* _What you have to do_: Reproduce the whole listing below exactly.

* _Given information_:
◆ ◆ ◆ ◆ ◆

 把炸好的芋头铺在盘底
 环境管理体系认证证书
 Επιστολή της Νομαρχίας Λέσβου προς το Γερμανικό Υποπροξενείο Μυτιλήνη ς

◆ ◆ ◆ ◆ ◆

* _Result for this exercise_:
 把炸好的芋头铺在盘底
 环境管理体系认证证书
 Επιστολή της Νομαρχίας Λέσβου προς το Γερμανικό Υποπροξενείο Μυτιλήνη ς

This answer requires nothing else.